Intravital microscopy to assess role of CysLT₂R in vascular permeability
We have recently shown that CysLTs evoke CysLT₂R-mediated vascular permeability responses in the ear and in the heart after ischemia/reperfusion injury of TG mice that overexpress human CysLT₂R in vascular endothelium (10 , 11) . To visualize this process and to assess the importance of endogenous CysLT₂R and CysLTs, we undertook an intravital microscopy study with KO mice as well as with TG and WT C57BL/6 mice using the well-established cremaster muscle preparation. We observed strong endogenous small-vessel CysLT₂R expression (Fig. 1) . Fluorescence intensity measurements in vascular preparations from WT and KO mice after administration of FITC-labeled albumin revealed a stable pattern, indicating minimal vascular permeability (Figs. 2 and 3 ) that did not change within 20 min in control experiments. Superfusion of the tissue with CysLTs (5 µM each LTC₄/LTD₄) evoked a strong and rapid increase in vascular permeability over 5–15 min, as measured by increasing extravascular fluorescence intensity in WT mice. However, no effect was observed in KO mouse preparations (Figs. 2 and 3) . In contrast, TG mice showed evidence, even without exogenous CysLT administration, of increased vascular permeability shortly after FITC-albumin injection, attaining greater than 50% the level observed in CysLT-stimulated WT mice (Figs. 2 and 3) . The vessels visualized in these experiments had the same diameter range (WT, 16.9±4.4 µm, n=21; TG, 17.2±2.3 µm, n=22).
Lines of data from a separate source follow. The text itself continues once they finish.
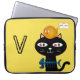 Laptop Sleeve Black Cat Fish Bones Yellow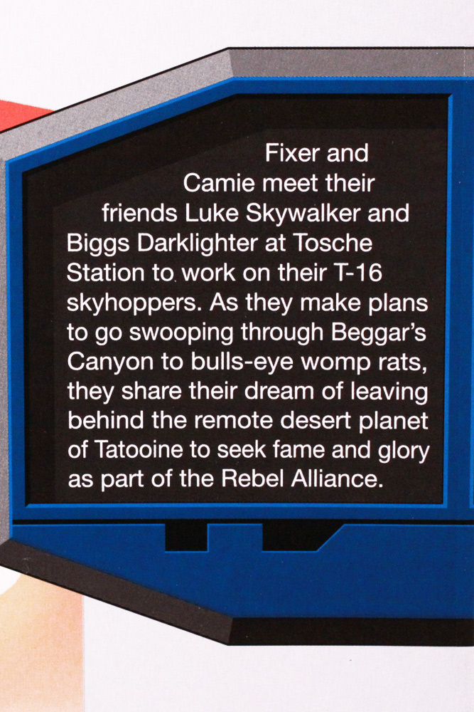 These figures don't come with much but they have it where it counts. As deleted scene figures, I couldn't imagine what they should come with. Fixer comes with a blaster, I suppose because everyone has one in that part of Tatooine. Camie comes with a pet of some kind. Hasbro calls it a dog and it does resemble a shaved poodle so we'll call it a dog too. The dog has no articulation and is sculpted to be held, not a great piece on its own. And of course there's the comic book since this is a "comic" pack.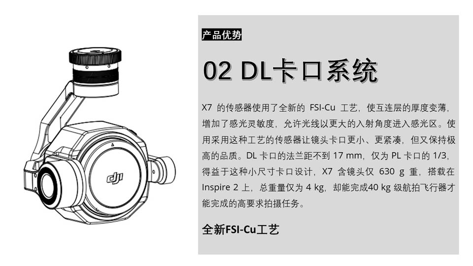 禅思 X7 是为电影拍摄推出的一款自带云台的紧凑型 S35 相机,目前可搭配在 Inspire 2 上使用。 X7 配备 2400 万像素 CMOS 传感器,最高可支持 6K 30fps、3.9K 59.94fps CinemaDNG 无损视频, 与 5.2K 30fps、2.7K 59.94fps Apple ProRes 视频*,以及高达 2400 万像素每秒 20 帧的 RAW 连拍。
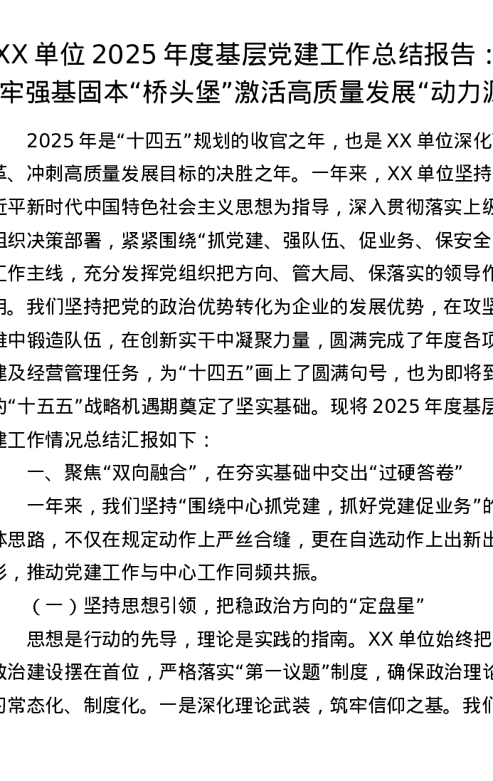 XX单位2025年度基层党建工作总结报告:筑牢强基固本“桥头堡” 激活高质量发展“动力源”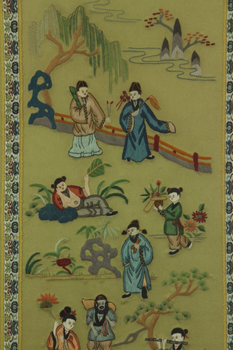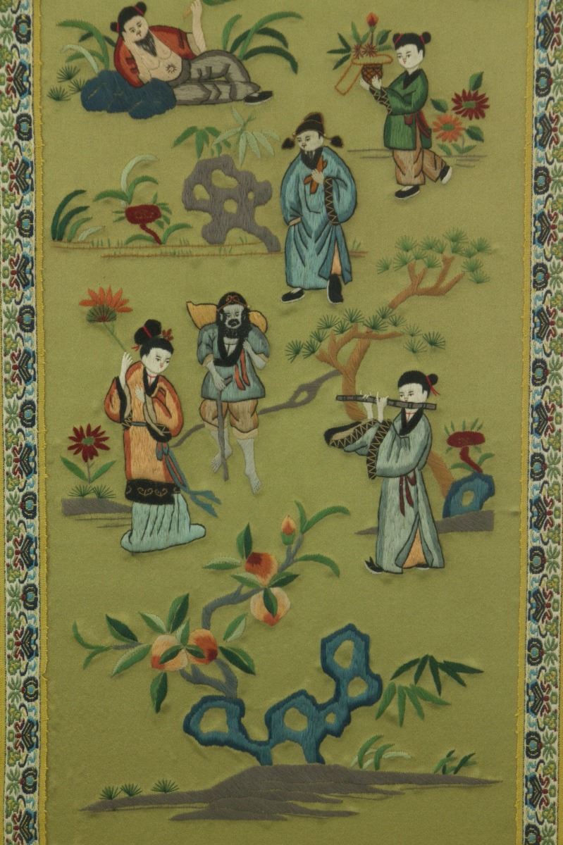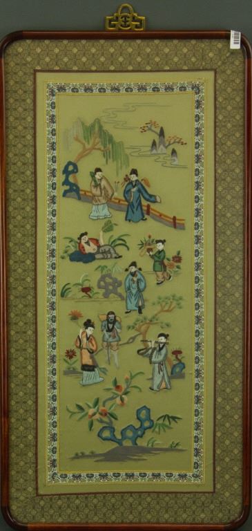 Chinese embroidery on silk with frame; of rectangular section; depicting eight immortals at courtyard; 73 cm× 33 cm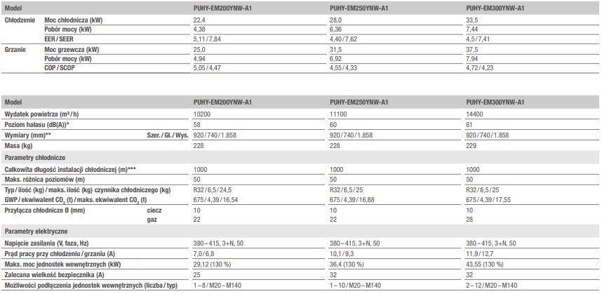 Podwyższona efektywność sezonowa / Seria Y / chłodzenie lub grzanie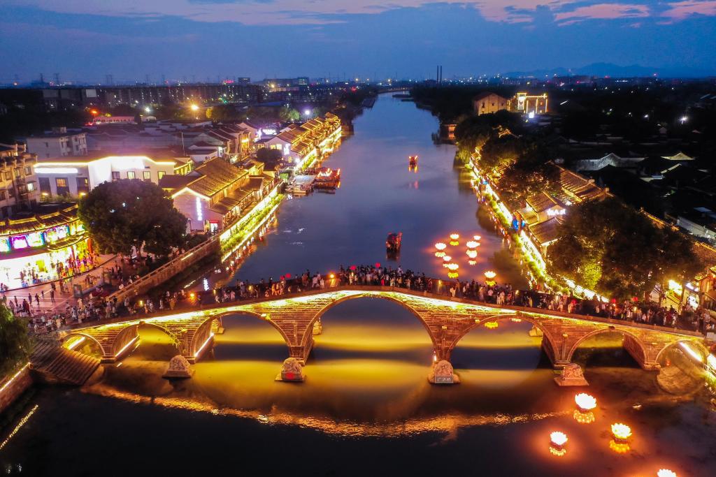 10月2日,游客在塘栖古镇的广济桥观赏运河夜景(无人机照片)。新华社记者 徐昱 摄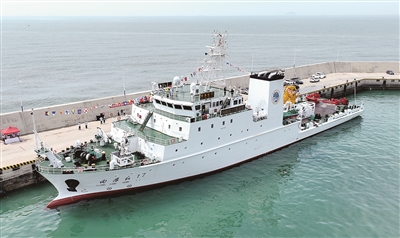 本报6月10日讯 10日,自然资源部北海局举行“向阳红17”科考船入列仪式,向停靠在青岛海洋科考基地码头的“向阳红17”船授旗。该船是北海区第一艘3000吨级专业大型浮标作业船,填补了我国北海区专业大型浮标作业船的空白。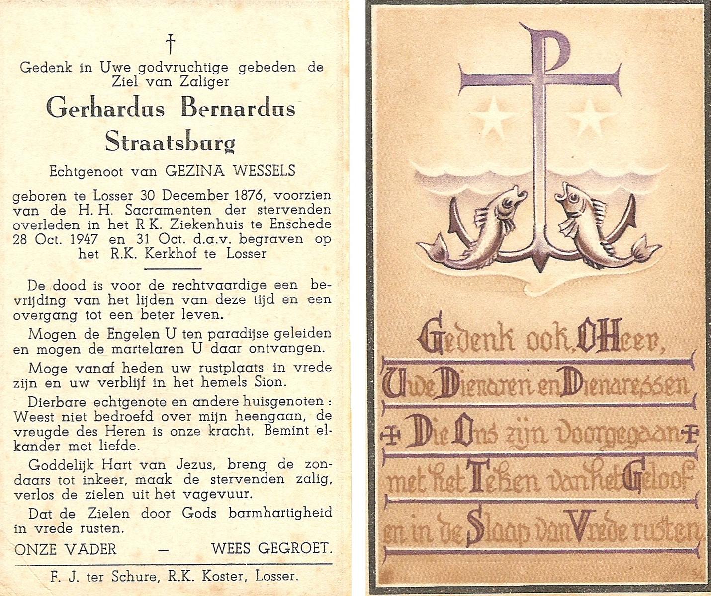 STRAATSBURG, Gerhardus Bernardus, geboren op 30-12-1876 te Losser, overleden op 28-10-1947 te Enschede op 70-jarige leeftijd, begraven op 31-10-1947 te Losser R.K.Kerkhof.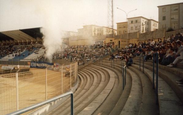 Onuba FC dominated the Western Federation in the years leading up to the Civil War, then, following the end of the fighting, was readmitted into the Southern Federation. It was also admitted to the reformed La Segunda, which, thanks to the Nationalist government’s interference, was structured to include as wide a regional representation as possible. Onuba finished sixth in that 1939-40 season and was relegated to the Tercera. In 1945, the club successfully requested the reinstatement of its name and in 1947, won its third Tercera title but failed once again in the playoffs. It was the same story in 1950-51 when another title was followed by a further failure in the playoffs. With the growth of the game in the fifties and Recreativo attracting larger crowds, work started on a new ground half a mile to the northeast of the Estadio del Velódromo. Recreativo saw out their time at the Velódromo with another Tercera title and finally found success in the playoffs. UD Melilla and Elche CF were defeated, with the 2-0 victory over Elche CF on 9 June 1957 being Recreativo’s last competitive match at the old stadium before moving to the new Estadio Colombino and La Segunda for the start of the 1957-58 season.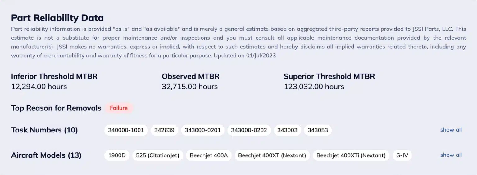 - Aircraft applicability, alternates, and reliability information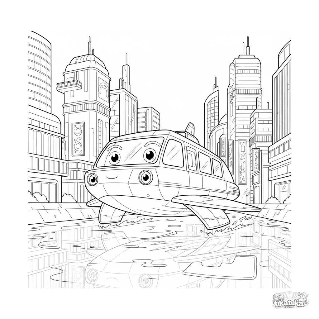 Página para colorir detalhada para 10-12 anos: uma balsa hidrofólio futurista desliza por um canal urbano iluminado por néon.
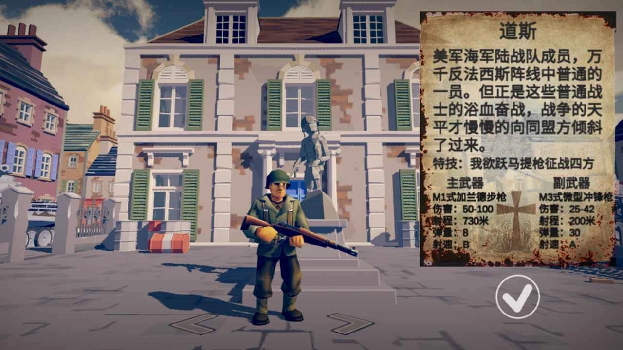 人物比例比较偏大头娃娃的卡通造型,但是身上的细节物品又比较尊重史实,基本是严格按照二战真实的单兵装具设计的,没有发现明显穿越的神剧服装造型。光影效果也采用了有些怀旧色彩的素绘效果,更好的体现了一些年代感。

View larger version (91K): [in this window] [in a new window]   Figure 2. Intravital microscopy recordings of vascular leakage in cremaster muscle postcapillary venules using FITC-labeled albumin. One representative mouse cremaster muscle preparation from each of 3 groups expressing normal (WT, top panels), elevated (TG, middle panels), and no (KO, bottom panels) CysLT2R are depicted (n8). Leftmost panels show brightfield images; other panels in each row show fluorescence recordings at indicated time points after administration of FITC-labeled albumin via a jugular vein catheter. Asterisks indicate period of CysLT superfusion of WT and KO preparations. Scale bars = 50 µm.

View larger version (19K): [in this window] [in a new window]   Figure 3. CysLT2R mediates vascular permeability in cremaster muscle postcapillary venules. A) Representative measurements of fluorescence intensity in cremaster muscle preparations from WT (open boxes), TG (filled boxes), and KO (striped boxes) mice used to calculate FITC-albumin leakage. After i.v. FITC-albumin administration, WT and KO mouse preparations were treated after 5 min with LTC4/LTD4 (CysLT) superfusion and 4 min later with the dual CysLT1R/CysLT2R antagonist BAY-u9773. Autogenous leakage in TG preparations was blocked by treatment with BAY-u9773 after 5 min. Neither CysLTs nor BAY-u9773 treatment of KO mouse preparations caused changes in vascular leakage. B) LIFT parameter (mean+SE; see Materials and Methods) was calculated for several experimental conditions: no CysLT treatment (n=17, WT; n=14, TG; n=8, KO); with CysLT (5 µM) stimulation (n=10, WT; n=8, KO); after BAY-u9773 (1 µM) with preceding CysLT stimulation (n=6, WT; n=8, KO); or only with BAY-u9773 treatment (n=6, WT and TG). LIFT is significantly higher (P<0.01) in CysLT-stimulated WT and unstimulated TG vascular preparations compared to the other groups. BAY-u9773 treatment reduced LIFT to almost 0 in WT and TG mice, whereas neither CysLT nor BAY-u9773 treatment of KO mouse vascular preparations showed any change in leakage compared to untreated conditions.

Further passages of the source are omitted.